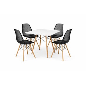 O design minimalista e atemporal se adapta perfeitamente a diversos estilos de decoração, enquanto as dimensões compactas tornam este conjunto ideal para espaços menores sem comprometer o conforto. As cadeiras foram projetadas para máximo conforto durante refeições prolongadas, com seu assento ergonômico e encosto ventilado. A mesa possui superfície lisa e durável, perfeita para uso diário, enquanto mantém uma aparência sofisticada que eleva o visual de qualquer ambiente. Cadeiras: Altura: 82cm Largura: 47cm Profundidade: 50cm Altura do Assento: 45cm Peso máximo suportado: 120kg Quantidade: 4 cadeiras inclusas Mesa: Altura: 74cm Tampo: 80x80cm Garantia de 90 dias contra defeitos de fábrica
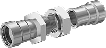 Straight union connectors separate into three pieces. Unscrew and remove the center nut for quick access to a line.
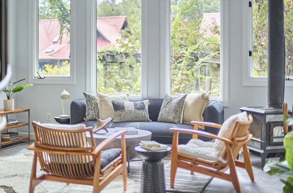 This mid-century modern home perfectly showcases how strategic staging can honor architectural heritage while creating fresh, livable spaces. We embraced the home's standout features: those soaring vaulted ceilings, warm wood accents, and abundant natural light, and built our design story around them. The living room is really where this stage shines. With those dramatic cathedral ceilings and stunning windows flooding the space with light, we took a playful approach by layering rugs to complement the room's unique angular architecture. The sunroom's bold mauve walls were a calculated risk that beautifully complements the natural wood trim and creates an unexpected wow moment. In the office, we kept things clean and functional with a glass desk that doesn't compete with the skylight above, while vibrant abstract art adds personality without overwhelming the space. The bedroom staging balances sophistication with comfort through botanical prints and thoughtfully layered textiles. And that kitchen island with its organic curved edge? It's already a statement piece. We just gave it the modern seating and styling it deserved. Each room tells a cohesive story that respects the home's original mid century design while speaking to how people actually want to live today. This project is a great example of staging that elevates a property's appeal by working with its strengths, not against them.
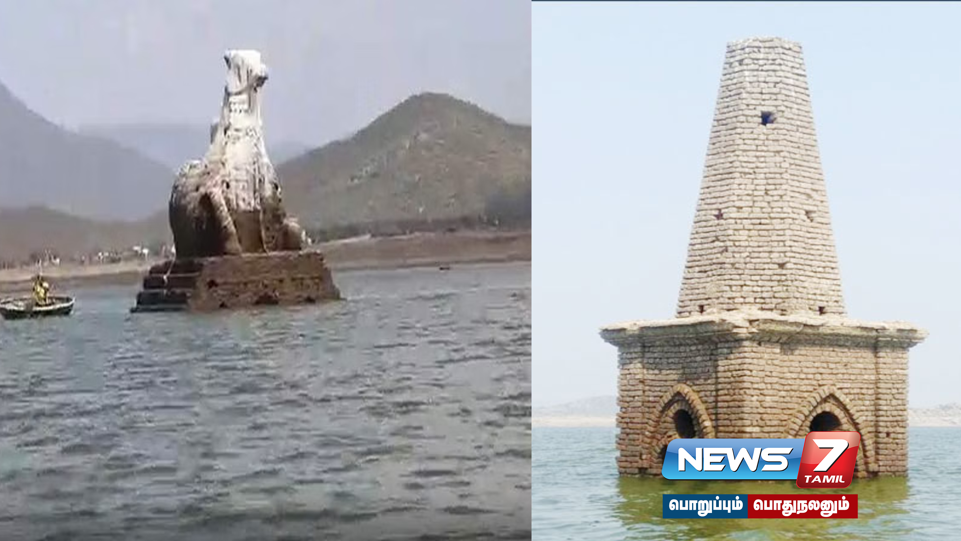 மேட்டூர் அணையின் நீர்மட்டம் குறைந்து வருவதால் நீர்ப்பிடிப்பு பகுதியான பண்ணவாடி பகுதியில் உள்ள பழங்கால நந்தி சிலை வெளியே தெரிகிறது.
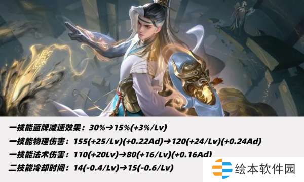 一技能下调50点基础伤害、上调14点等级成长和0.07AD加成,一技能冷却前期不变、满级缩短1秒。
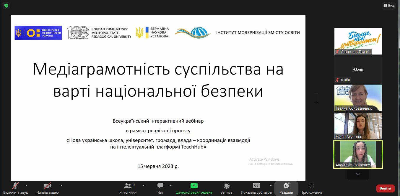 15 червня 2023 р. відбувся Всеукраїнський інтерактивний вебінар «Медіаграмотність суспільства на варті національної безпеки» в рамках реалізації ІІ (концептуально-діагностичного) етапу інноваційного освітнього проєкту «Нова українська школа, університет, громада, влада – координація взаємодії на інтелектуальній платформі TeachHub» (наказ МОН України від 29.09.2021 № 1041). Захід було організовано викладачами Мелітопольського державного педагогічного університету імені Богдана Хмельницького за інформаційної підтримки Наукової установи «Інститут модернізації змісту  освіти».
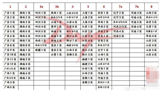 北京1区 北京2/4区 华北1区 华北2区 华北3区 东北1区 东北2区 东北3/7区 辽宁1区 西北1区

****************************************

Please print all of the records above exactly, omitting each picture.

» EXPECTED OUTPUT:
 O design minimalista e atemporal se adapta perfeitamente a diversos estilos de decoração, enquanto as dimensões compactas tornam este conjunto ideal para espaços menores sem comprometer o conforto. As cadeiras foram projetadas para máximo conforto durante refeições prolongadas, com seu assento ergonômico e encosto ventilado. A mesa possui superfície lisa e durável, perfeita para uso diário, enquanto mantém uma aparência sofisticada que eleva o visual de qualquer ambiente. Cadeiras: Altura: 82cm Largura: 47cm Profundidade: 50cm Altura do Assento: 45cm Peso máximo suportado: 120kg Quantidade: 4 cadeiras inclusas Mesa: Altura: 74cm Tampo: 80x80cm Garantia de 90 dias contra defeitos de fábrica
 Straight union connectors separate into three pieces. Unscrew and remove the center nut for quick access to a line.
 This mid-century modern home perfectly showcases how strategic staging can honor architectural heritage while creating fresh, livable spaces. We embraced the home's standout features: those soaring vaulted ceilings, warm wood accents, and abundant natural light, and built our design story around them. The living room is really where this stage shines. With those dramatic cathedral ceilings and stunning windows flooding the space with light, we took a playful approach by layering rugs to complement the room's unique angular architecture. The sunroom's bold mauve walls were a calculated risk that beautifully complements the natural wood trim and creates an unexpected wow moment. In the office, we kept things clean and functional with a glass desk that doesn't compete with the skylight above, while vibrant abstract art adds personality without overwhelming the space. The bedroom staging balances sophistication with comfort through botanical prints and thoughtfully layered textiles. And that kitchen island with its organic curved edge? It's already a statement piece. We just gave it the modern seating and styling it deserved. Each room tells a cohesive story that respects the home's original mid century design while speaking to how people actually want to live today. This project is a great example of staging that elevates a property's appeal by working with its strengths, not against them.
 மேட்டூர் அணையின் நீர்மட்டம் குறைந்து வருவதால் நீர்ப்பிடிப்பு பகுதியான பண்ணவாடி பகுதியில் உள்ள பழங்கால நந்தி சிலை வெளியே தெரிகிறது.
 一技能下调50点基础伤害、上调14点等级成长和0.07AD加成,一技能冷却前期不变、满级缩短1秒。
 15 червня 2023 р. відбувся Всеукраїнський інтерактивний вебінар «Медіаграмотність суспільства на варті національної безпеки» в рамках реалізації ІІ (концептуально-діагностичного) етапу інноваційного освітнього проєкту «Нова українська школа, університет, громада, влада – координація взаємодії на інтелектуальній платформі TeachHub» (наказ МОН України від 29.09.2021 № 1041). Захід було організовано викладачами Мелітопольського державного педагогічного університету імені Богдана Хмельницького за інформаційної підтримки Наукової установи «Інститут модернізації змісту  освіти».
 北京1区 北京2/4区 华北1区 华北2区 华北3区 东北1区 东北2区 东北3/7区 辽宁1区 西北1区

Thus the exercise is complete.